One of the strong points for Liquex is that the tag parser can be extended to support non-standard tags. For example, Liquid used internally for the Shopify site includes a large range of tags that are not supported by the base Ruby gem. These tags could also be added to Liquex by extending the liquid parser.

defmodule CustomTag do
  @moduledoc false

  @behaviour Liquex.Tag

  import NimbleParsec

  @impl true
  # Parse <<Custom Tag>>
  def parse() do
    text =
      lookahead_not(string(">>"))
      |> utf8_char([])
      |> times(min: 1)
      |> reduce({Kernel, :to_string, []})
      |> tag(:text)

    ignore(string("<<"))
    |> optional(text)
    |> ignore(string(">>"))
  end

  @impl true
  def render(contents, context) do
    {result, context} = Liquex.render!(contents, context)
    {["Custom Tag: ", result], context}
  end
end

defmodule CustomParser do
  use Liquex.Parser, tags: [CustomTag]
end

iex> document = Liquex.parse!("<<Hello World!>>", CustomParser)
iex> {result, _} = Liquex.render!(document, context)
iex> result |> to_string()
"Custom Tag: Hello World!"

Error handling

Parse errors carry a line, a column, and a small excerpt with a caret pointing at the failure. Liquex.parse!/2 raises a formatted Liquex.Error; Liquex.parse/2 returns {:error, reason, line}.
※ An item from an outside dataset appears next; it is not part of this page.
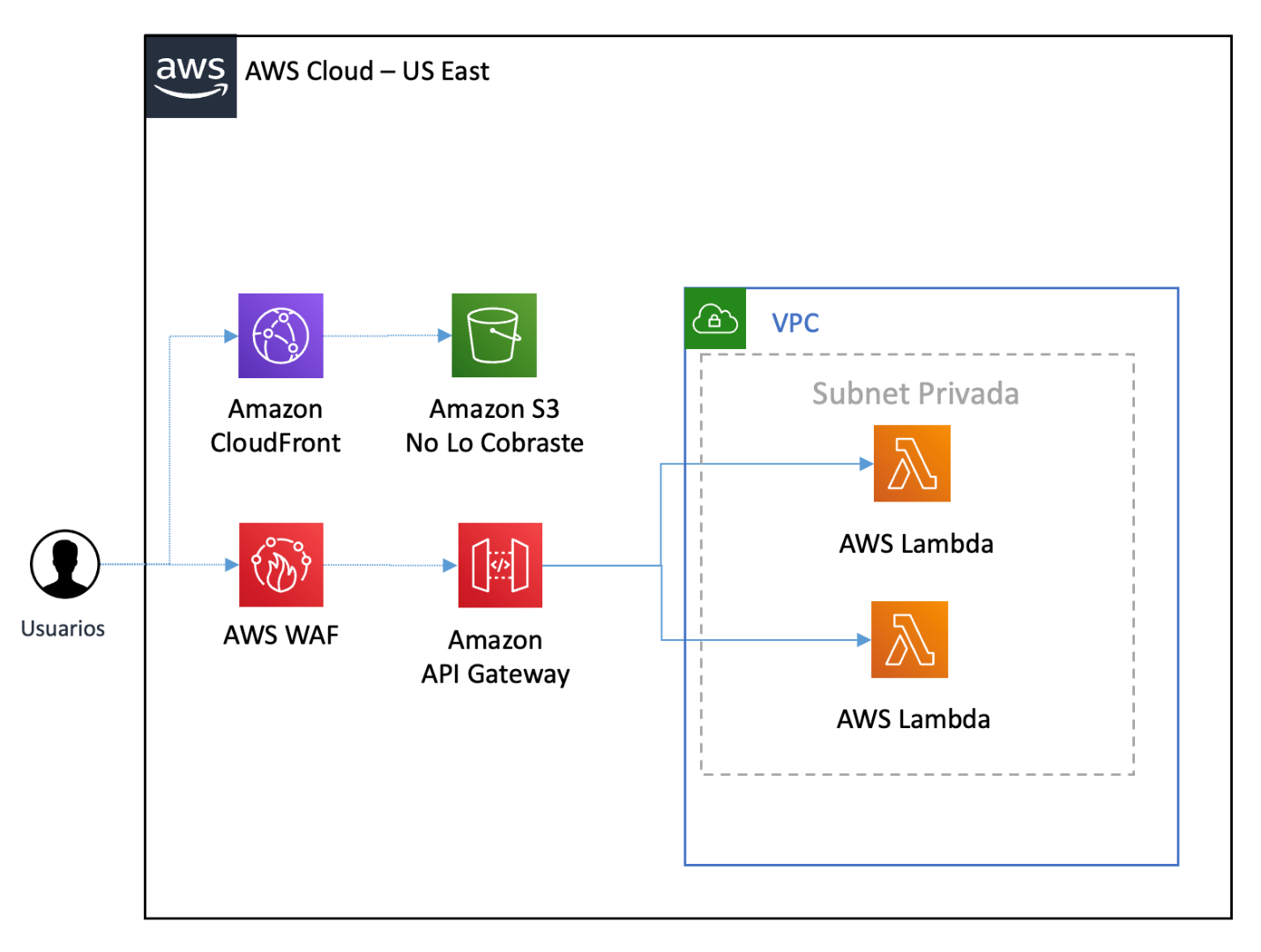 - AWS Lambda: es un servicio informático que permite ejecutar código sin aprovisionar ni administrar servidores, se crearon una serie de funciones actuando de backend.

** (Liquex.Error) Liquid parse error at line 3, column 1: unexpected `{% endfor %}` (expected `{% endif %}` to close block opened at line 1)

  2 | hello
  3 | {% endfor %}
      ^

Render-time failures (unknown filters, stray {% break %}/{% continue %} outside an iteration) are governed by an :error_mode option on the context — :strict | :warn | :lax, default :lax:

{:ok, ast} = Liquex.parse("{{ x | upcas }}")

# :lax (default) — silent
ctx = Liquex.Context.new(%{"x" => "hi"})
{result, ctx} = Liquex.render!(ast, ctx)
# result is "hi", ctx.errors is []

# :warn — collects errors
ctx = Liquex.Context.new(%{"x" => "hi"}, error_mode: :warn)
{result, ctx} = Liquex.render!(ast, ctx)
# ctx.errors has %Liquex.Error{message: "Invalid filter upcas (did you mean `upcase`?)"}

# :strict — raises
ctx = Liquex.Context.new(%{"x" => "hi"}, error_mode: :strict)
Liquex.render!(ast, ctx)
# ** (Liquex.Error) Invalid filter upcas (did you mean `upcase`?)
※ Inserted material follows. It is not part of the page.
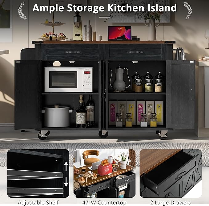 Farmhouse Roling Kitchen Island Cart with Drop Leaf Breakfast Bar with Power Outlet, Storage Island Table on Wheels with Drawers, Spice Rack(Black)

A separate :strict_variables flag (default false) routes undefined variable lookups through the same :error_mode so missing references can be caught instead of silently rendering as empty.
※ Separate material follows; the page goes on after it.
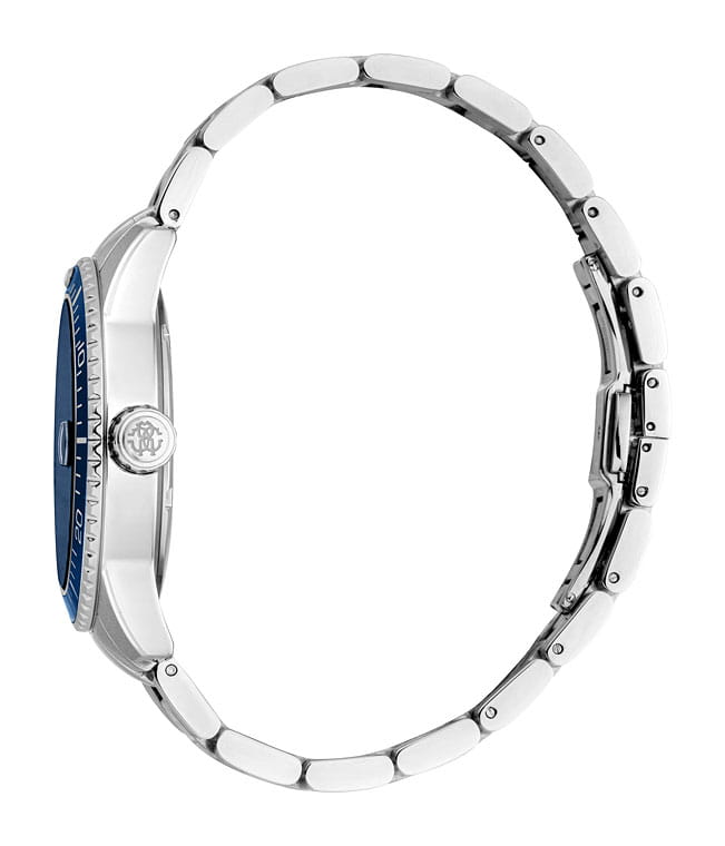 ROBERTO CAVALLI Acquatico RC5G084M0025 — стильные итальянские часы сочетающие в себе элегантность и современный функционал. Круглый корпус диаметром 42 мм выполнен из нержавеющей стали, толщина корпуса составляет 11 мм, что придает модели выразительный внешний вид и надежную защиту от внешних воздействий. Часы оснащены кварцевым механизмом, также обладают функцией отображения даты, что делает их удобными для ежедневного использования. Минеральное стеклоМинеральное стеклоМинеральное стекло представляет собой искусственно выращенный минерал кварца. Такое стекло отличается особой устойчивостью к повреждениям и царапинам. Уступает по некоторым качествам сапфировому стеклу. защищает часы от царапин. Водозащита 100 метров, позволит плавать, нырять и заниматься другими водными видами спорта. Стальной браслет на застёжке-бабочке с кнопкамиЗастёжка "бабочка"Такой вид застёжки дополняется предохранителями, помогающими избежать случайного раскрытия браслета. Обладают изящным исполнением. обеспечивает комфортное ношение. Поворотный безельБезельВнешний ободок, закрепляющий стекло. В спортивных часах так называется поворотное кольцо с делениями на циферблате, выполняет роль таймера – замеряет отрезки времени на шкале. Неподвижный безель – элемент декора. Однонаправленно вращающийся безель на дайверских часах позволяет фиксировать моменты погружения и выныривания на поверхность. с PVD-покрытиемPVDУльтратонкое покрытие наносится в технике вакуумного напыления, сочетает в себе нитрид титана особой прочности со слоем золота или оксида хрома. Несёт в себе декоративную или защитную функцию.. Стрелки и метки с люминесцентным покрытиемЛюминесцентное покрытиеПозволяет считывать показания времени в темноте. Производители наносят на стрелки, часовые индексы, безель или поверхность циферблата светонакопительный состав, дающий холодное свечение. обеспечивают отличную читаемость в любое время суток.

Deviations from original Liquid gem

Whitespace is kept in empty blocks

For performance reasons, whitespace is kept within empty blocks such as for/if/unless. The liquid gem checks for "blank" renders and throws them away. Instead, we continue to use IO lists to combine the output and don't check for blank results to avoid too many conversions to strings. Since Liquid is mostly used for whitespace agnostic documents, this seemed like a decent tradeoff. If you need better whitespace control, use {%-, {{-, -%}, and -}}.

Multi-key hash ordering

{{ h }} for %{"b" => 2, "a" => 1} renders {"a"=>1, "b"=>2} in Liquex versus {"b"=>2, "a"=>1} in Ruby Liquid (which preserves hash insertion order natively). This is intentional: matching Ruby would require routing every map-using code path through a wrapper struct with O(n) lookups, which would slow every {{ h.key }} access. Liquex is built to be faster than the Ruby Liquid engine, and that takes priority over byte-for-byte hash-inspect parity.

If your templates rely on inspecting whole hashes (rather than reading specific fields), pre-serialize the hash to a string before passing it into the context, or render fields explicitly.